Regexp match question on interpolated strings...

Discussion in 'Ruby' started by Richard Kilmer, Oct 5, 2004.

  1. If I had the source for a string:

    "name = #{person.first_name+" "+person.last_name} ... Ok?"

    And assuming I could find the first and last double quotes, how would I
    parse out the #{ ... } with a regular expression since anything can fall
    between the #{ ... } braces in a string?

    Thanks in advance.

    -rich
    Richard Kilmer, Oct 5, 2004
    #1
    1. Advertising

  2. Richard Kilmer

    Joe Cheng Guest

    Richard Kilmer wrote:
    > If I had the source for a string:
    >
    > "name = #{person.first_name+" "+person.last_name} ... Ok?"
    >
    > And assuming I could find the first and last double quotes, how would I
    > parse out the #{ ... } with a regular expression since anything can fall
    > between the #{ ... } braces in a string?

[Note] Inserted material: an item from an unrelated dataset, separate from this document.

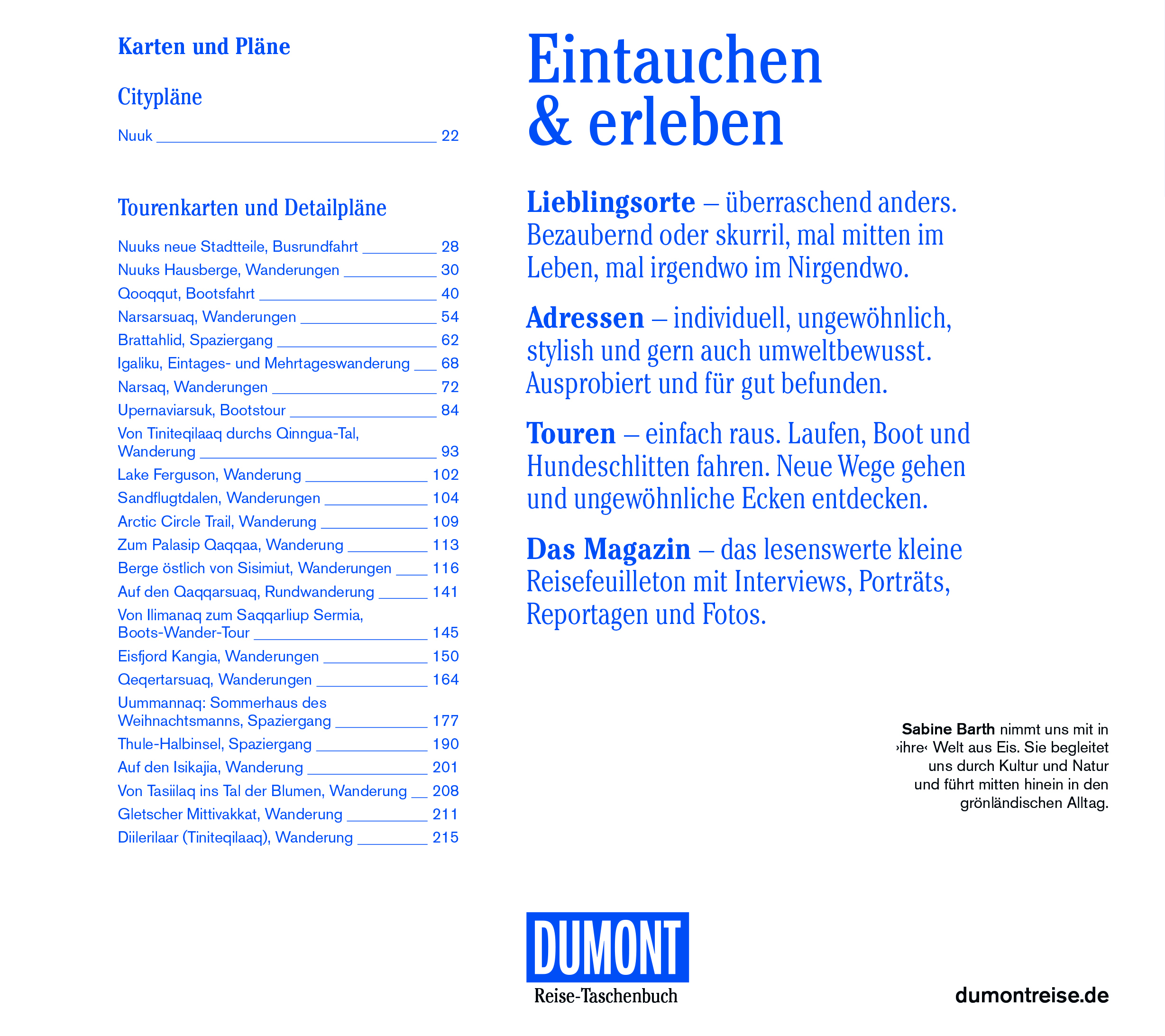 Das Interesse an den Polarregionen hat in den letzten Jahren stark zugenommen, immer häufiger wird Grönland, die größte Insel der Welt, Ziel von Urlaubsreisen. Besonders im Fokus stehen Grönlands Riesengletscher, die an den Rändern des kilometerdicken Inlandeisschildes unter berstendem Krachen ins Eismeer kalben. Scheinbar schwerelos treiben die dabei losgelösten haushohen Eisberge beispielsweise durch den Kangia-Fjord aufs offene Meer. Gleich auf den ersten Seiten des DuMont Reise-Taschenbuchs Grönland verrät die Autorin Sabine Barth, wie und wo man dem Eis besonders nahe kommt, und erklärt, wie man die kalte Insel auch individuell bereisen kann. Zu den persönlichen Lieblingsorten der Autorin gehört der Friedhof mit Aussicht in Upernavik und das Versammlungshaus in Aasiaat mit einem Gemälde von Per Kirkeby. Ein besonderes Plus des Reiseführers sind die vielen Aktivtouren, wie z. B. eine Wanderung auf den Berg Ukkusissat, mit Wanderbeschreibungen und Detailkarten. Aber auch für Schiffsreisende ist das Buch lesenswert, da in der aktuellen Auflage die Ankerplätze der Kreuzfahrtschiffe in Ostgrönland beschrieben sind.

    Hmmm, if I understand your question, and if you really knew where the
    first and last double quotes were, you could calculate the number of
    chars between them, and do something like this:

    /#\{.*?\".{<number_of_chars>}\".*?}/

    But it seems like if you want to be able to get more dynamic/flexible
    than that, you really want to parse the expression for real--which is
    something I believe regexes aren't powerful enough for. You'd either
    have to write a parser by hand, or use something like racc:

    http://i.loveruby.net/en/prog/racc.html
    Joe Cheng, Oct 5, 2004
    #2
    1. Advertising

  3. Richard Kilmer wrote:
    > If I had the source for a string:
    >
    > "name = #{person.first_name+" "+person.last_name} ... Ok?"
    >
    > And assuming I could find the first and last double quotes, how would I
    > parse out the #{ ... } with a regular expression since anything can fall
    > between the #{ ... } braces in a string?
    >
    > Thanks in advance.
    >
    > -rich
    >
    >
    >

    Regular expressions are not able to "count" more than a finite number of
    states, and the number of states is fixed at compile time. That is
    because regular expressions map to finite automata. So it is impossible
    to match opening and closing braces in an unknown expression. For this
    to work always you need a model that can enter unbounded many states.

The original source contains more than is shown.